Because of the way we determine cache location and the way the MAST module is written, the cache directory is not the name of the top level class the user interacts with, which is definitely a problem. Not sure if this should be solved by the MAST module or if I need to tweak the caching infrastructure. I will explore.
can you elaborate on this with an example? There are problems with the MAST (and gemini) class naming already, I wonder whether this would be a non-issue if that one is solved or are unrelated.

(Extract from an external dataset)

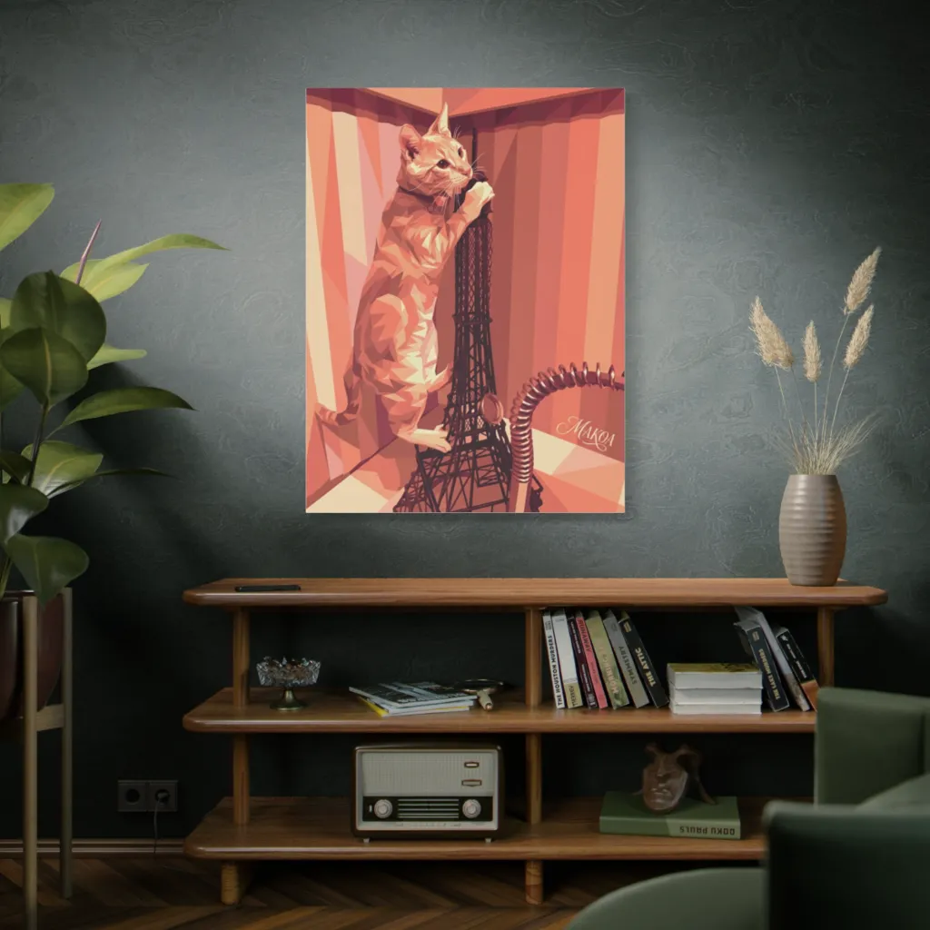"Makoa and the Iron Spire" exhibits a fascinating low-poly juxtaposition, rendering feline mischief with avant-garde panache. The vibrant palette and geometric precision evoke a visceral, almost absurd, triumph. A post-modern masterpiece for the discerning eye.

@bsipocz It's unrelated. Basically MAST hands off querying to a difference class depending on what interface is needed, and that class does the caching, rather than the top level class the user queried.
Example:
from astroquery.mast import Observations
obs_table = Observations.query_criteria(dataproduct_type=["image"],
proposal_pi="Osten*",
s_dec=[43.5,45.5], cache=True)
In this example you would expect the cache location to be Observations.cache_location (.astropy/cache/astroquery/Observations) but it actually caches the file in .astropy/cache/astroquery/PortalAPI because the PortalAPI class is the one that handles this type of query.
In this example you would expect the cache location to be Observations.cache_location (.astropy/cache/astroquery/Observations) but it actually caches the file in .astropy/cache/astroquery/PortalAPI because the PortalAPI class is the one that handles this type of query.
Yeap, this is pretty bad. At least the issue of having two Observations class is known and in the works to fix it with a very long deprecation, it still won't solve the main issue.
Would you think adding one or more layers help? Or maybe the full namespace would be the solution, as we have substructure in a few modules (though caching everything esa together, and everything ipac, and everything solarsystem, etc doesn't feel that wrong as having just one flat layer.
btw, this is exactly the issue that I hoped to be able to recover before merging the other PR.